━━━━━ PROVIDED MATERIAL

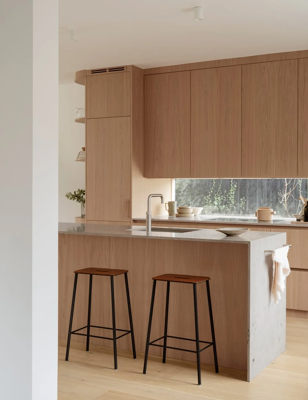 For the kitchen, Lin envisioned a light, calm space connected to the architecture with timeless, enduring materials. Bar stools by Frama.
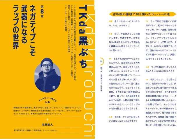 さらに、本書にはMummy-D、晋平太、TKda黒ぶち、しあなどの著名なラッパーたちのインタビューも収録されています。
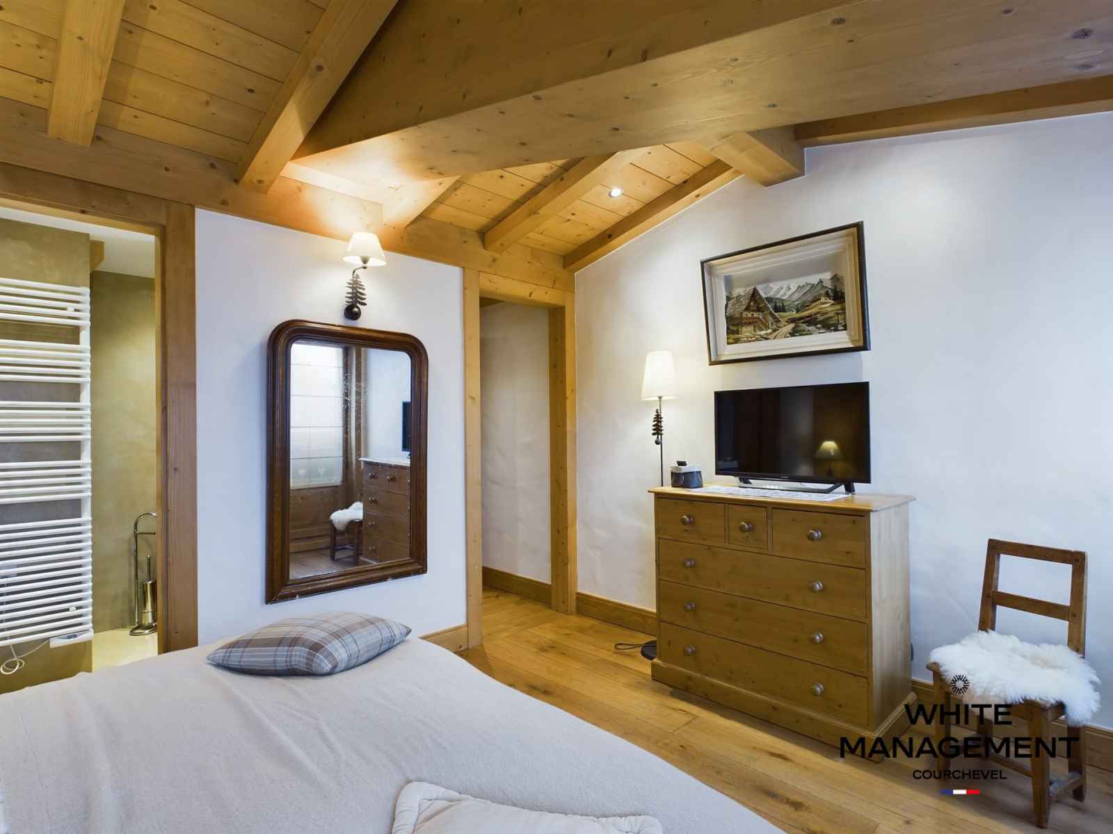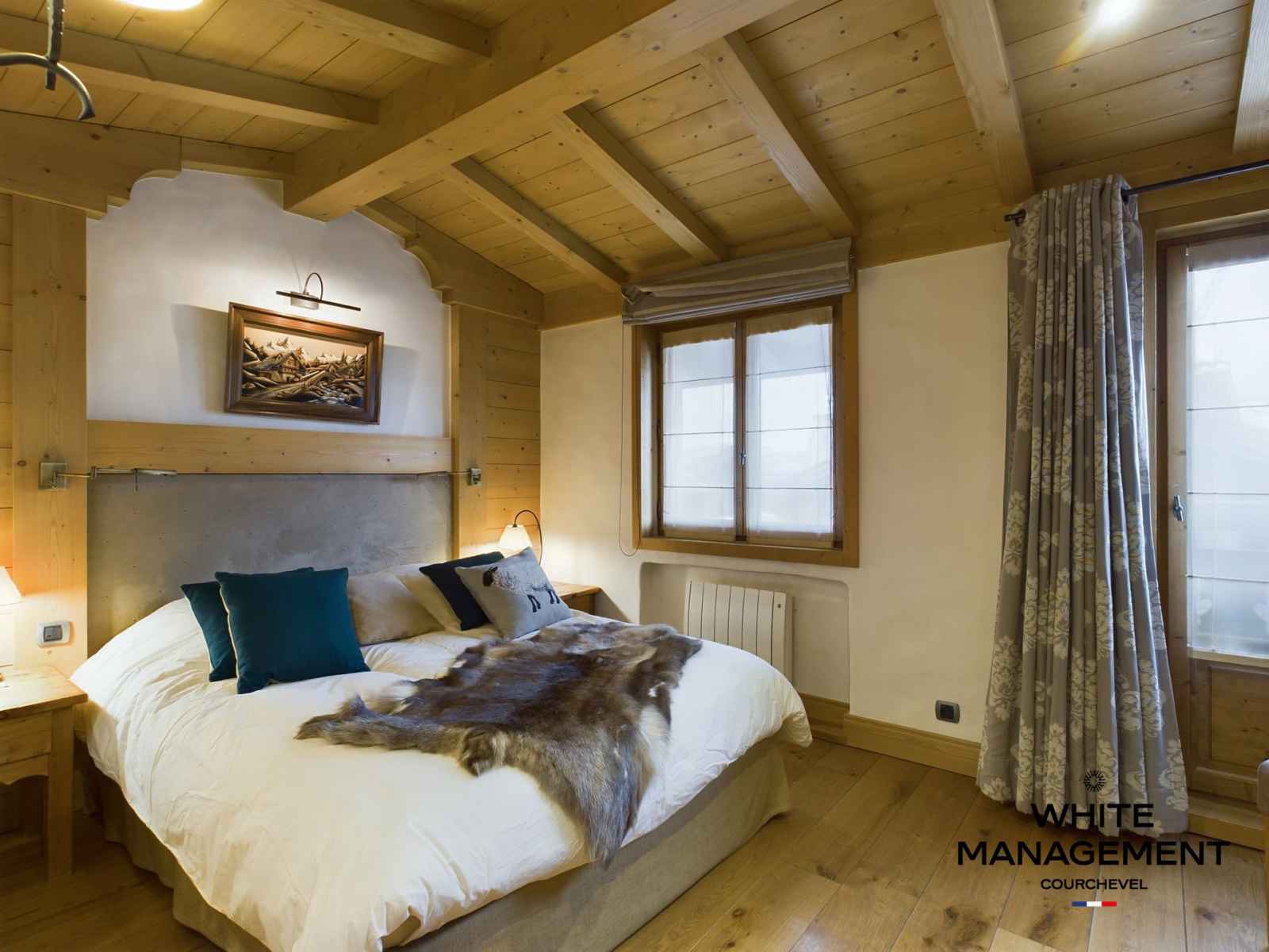 "De retour du restaurant d'à côté après une bonne fondue à la truffe, vous voilà de retour dans votre logement de vacances. Un feu de cheminée et une tisane plus tard, il est temps de recharger les batteries avant une nouvelle journée de ski au départ de Courchevel 1850."

━━━━━━━━━━

#### [EXERCISE]
Except for the pictures, return every line of the material exactly.

#### [SOLVED PROBLEM]
 For the kitchen, Lin envisioned a light, calm space connected to the architecture with timeless, enduring materials. Bar stools by Frama.
 さらに、本書にはMummy-D、晋平太、TKda黒ぶち、しあなどの著名なラッパーたちのインタビューも収録されています。
 "De retour du restaurant d'à côté après une bonne fondue à la truffe, vous voilà de retour dans votre logement de vacances. Un feu de cheminée et une tisane plus tard, il est temps de recharger les batteries avant une nouvelle journée de ski au départ de Courchevel 1850."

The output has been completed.